最新の研究成果

エネルギー微分を直接計算し分子構造最適化を実現 ~量子コンピュータによる化学計算の社会応用へ大きな一歩~

2022年11月30日

  • 理学研究科
  • プレスリリース

ポイント

◇量子コンピュータを活用し、有限差分法による微分値を1回の計算から直接求めるための具体的な量子論理回路を初めて明らかに。
◇今後、さまざまな分子物性の精密計算が量子コンピュータ上で可能となることを示唆。

概要

大阪公立大学大学院 理学研究科の杉﨑 研司(すぎさき けんじ)特任講師(科学技術振興機構・さきがけ専任研究者)、佐藤 和信(さとう かずのぶ)教授、工位 武治(たくい たけじ)大阪市立大学名誉教授らの研究チームは、量子コンピュータを用いて、有限差分法による微分値を1回の計算から直接求めるための量子論理回路を導出し、分子の最安定な立体構造を求める分子構造最適化へと応用しました。

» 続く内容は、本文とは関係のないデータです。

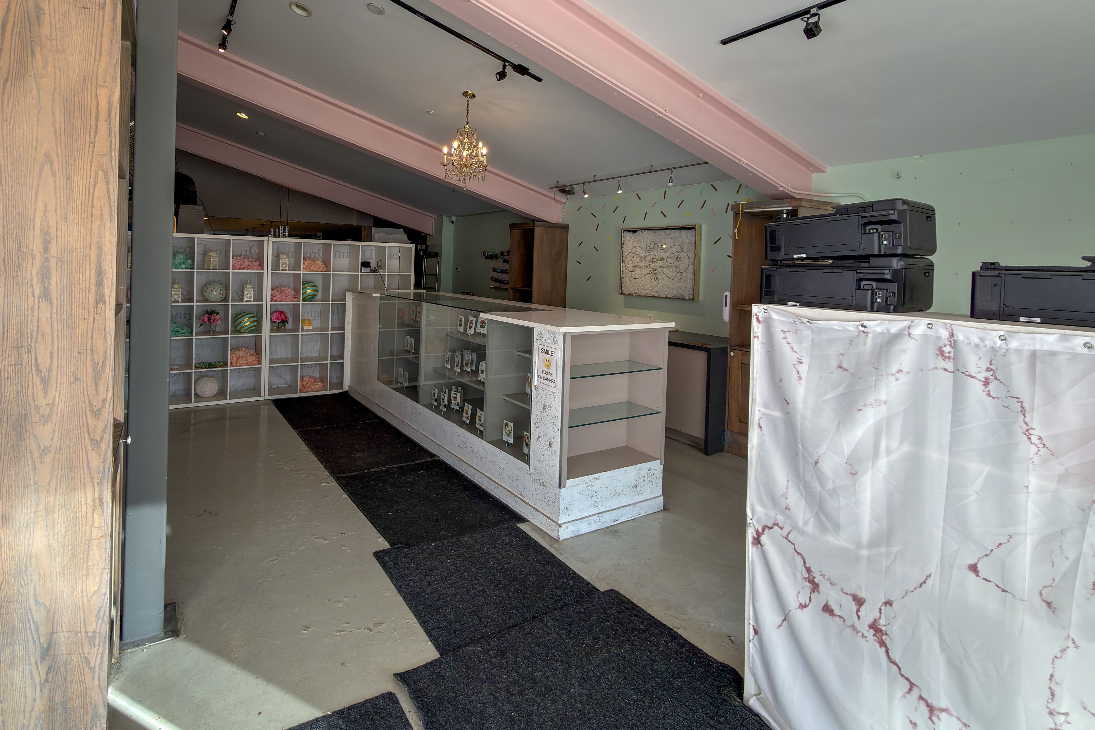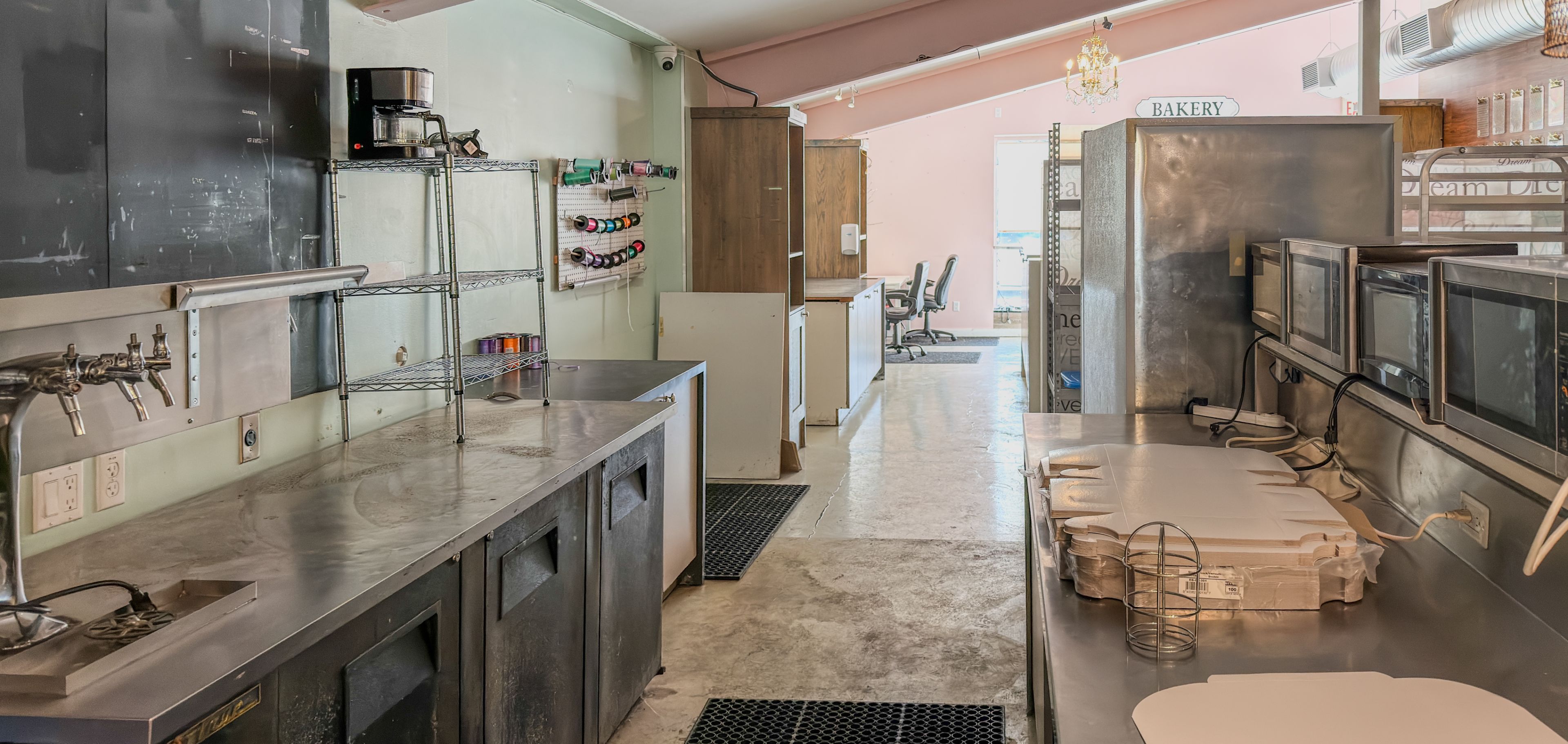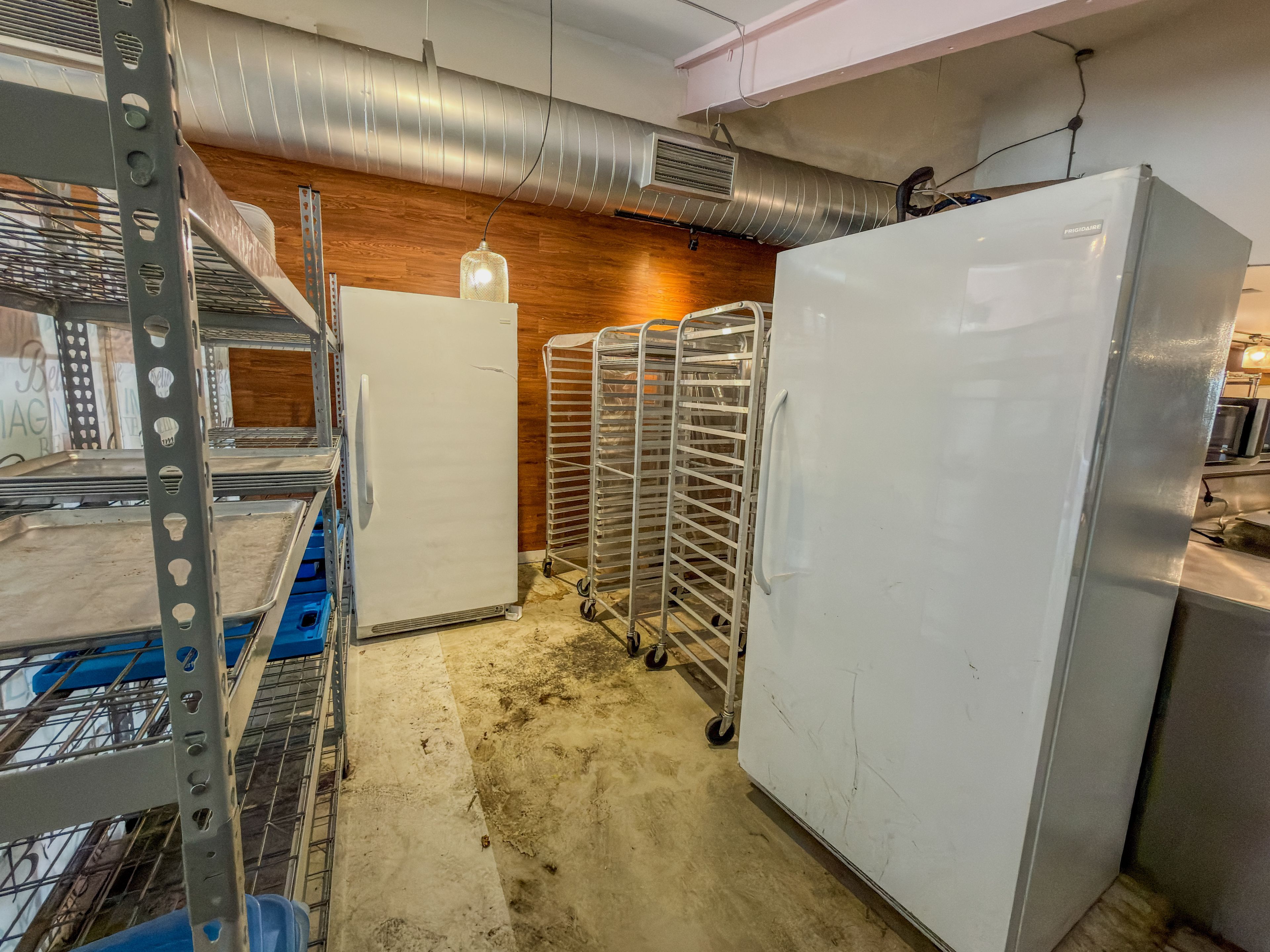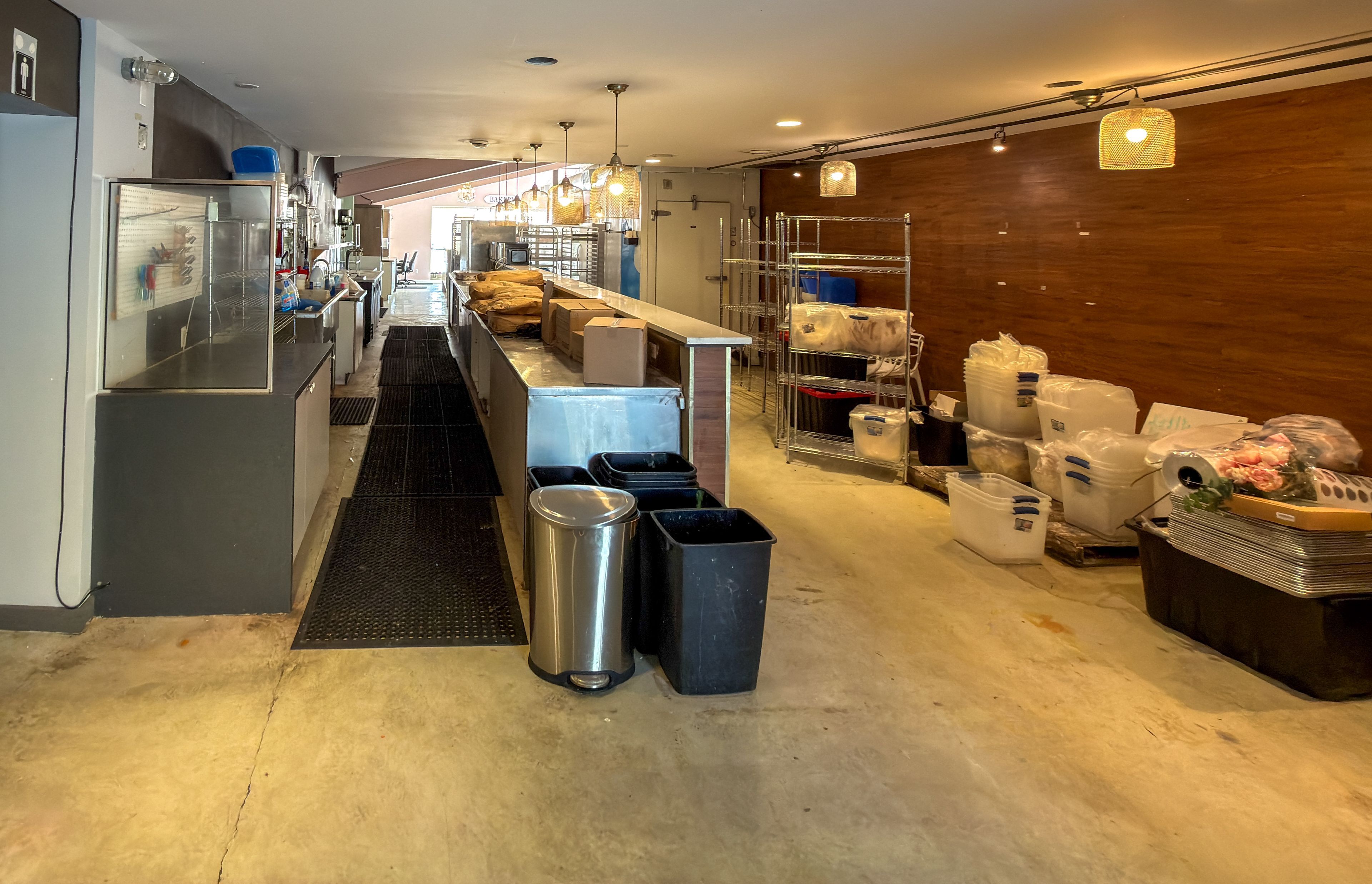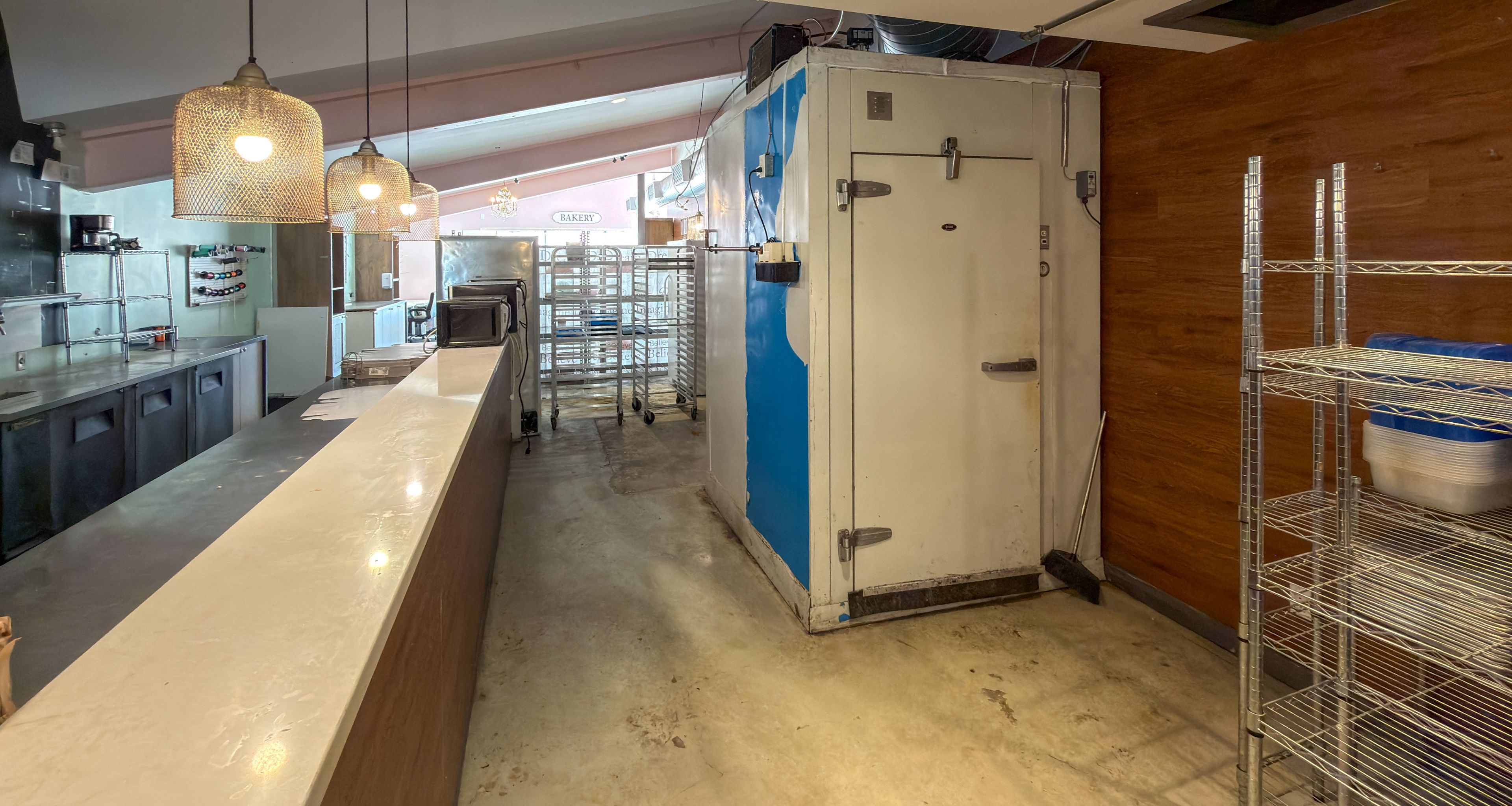 • Previously a bakery, featuring a walk-in freezer and prep counter.

有限差分法で一変数関数の微分計算を行うには、古典コンピュータでは少なくとも2回の関数値の計算が必要となります。これに対し、量子コンピュータを使えば有限差分法での微分を1回の計算から求められることが先行研究で示されていますが、微分計算を行うための具体的な量子回路は導出されていませんでした。本研究グループは、以前に開発した量子位相差推定アルゴリズムで用いる量子論理回路を改良することにより、微分計算のための量子論理回路の導出に成功しました。

本研究成果は、国際学術誌『The Journal of Physical Chemistry Letters』に20221129日(火)午後10時(日本時間)にオンライン掲載されました。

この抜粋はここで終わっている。